Czapiński and Wolafka came up with their novel approach in the Google production environment, but said “we believe this general technique will be applicable to other contexts such as Kubernetes.”
Czapiński and Wolafka are incredibly confident that Workload Security Rings provide a solution to the tradeoff of balancing compute requirements and security. The additional scheduling constraints that ask workloads of similar security requirements to form rings keep them from being co-scheduled with jobs of different levels of clearance.

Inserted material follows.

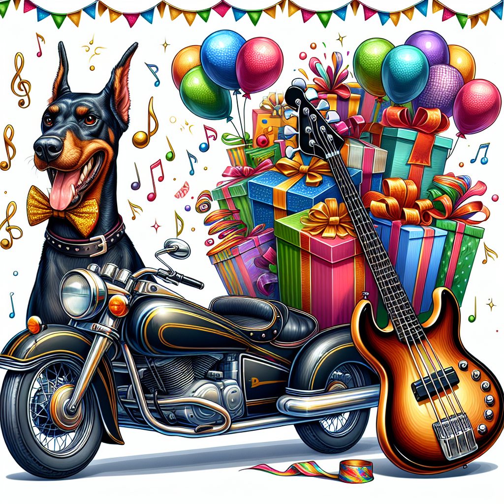 Create a colorful, whimsical birthday scene. At the center of the illustration, depict a grinning Doberman in a snazzy bow tie perched confidently atop a classic motorcycle. The motorcycle's sidecar is packed full, overflowing with an exuberant display of birthday gifts and vibrant balloons. In the foreground, there is a sleek bass guitar wrapped neatly in a festive ribbon, being presented as a gift. Musical notes are playfully fluttering around the guitar, symbolizing the melody of a lively birthday song. The entire scene is embellished further by a festive garland of streamers and by twinkling fairy lights, adding an element of lively celebration.

What are Workload Security Rings?
In the simplest case, there are three classes of workloads:
- Sensitive Workloads are mission-critical or sensitive information. The classification is subjective since it ranges from fairly general to incredibly specific for each organization. From the hardening solutions listed below, a technique beyond sandboxing, called Binary Authorization, must be put in place for the data be safe and work correctly. Sensitive workloads can only run on trusted machines.
- Hardened Workloads include trusted data but not sensitive data. The rest of the hardened classification details relate to security controls that are put in place to prevent lateral movement within the cluster. This includes binary authorization, sandboxing, and other approaches. The primary concern with the hardened workload is its effect on other workloads. Hardened workloads are that “middle class” that can run on trusted and untrusted machines. Sensitive workloads can start new jobs on other machines but hardened jobs can’t.
- Unhardened Workloads are everything else which includes jobs running untrusted code. These workloads can only run on untrusted machines.
The hardened workloads fill in the resource utilization cracks that result from the scheduling constraints caused by the between the sensitive and unhardened jobs. The larger the hardened class is, the more resource fluctuations can be absorbed without the need to swap any machines from trusted to untrusted or vice versa.
As long as the hardened footprint is large enough, more workload classes can be added as is necessary. Each new class needs a new group of dedicated machines so the hardened class should keep up with appropriate sizing to continue absorbing the fluctuations and using resources effectively.
Czapiński and Wolafka are confident that WSR’s security “gives a strong guarantee that we will never co-schedule sense workloads with ones that are untrusted.” Though hardened workloads are potentially at risk, the ban on remote job creation makes it “prohibitively difficult” for an attacker to move across machines to the trusted pool.
Challenges
This isn’t a plug-and-play system and does require maintenance, the two warn. In attempts to avoid having to migrate machines from one group to another, Czapiński and Wolafka suggest weekly automatic rebalancing to account for a full seven-day cycle.
Here is the one exception to the security guarantee mentioned earlier. There is always a chance of a sudden load spike. This is the one instance that could lead to a temporary lift of scheduling constraints to prevent or mitigate an outage. This increases the risk of lateral movement between rings and “is not a decision to be taken lightly,” the duo writes.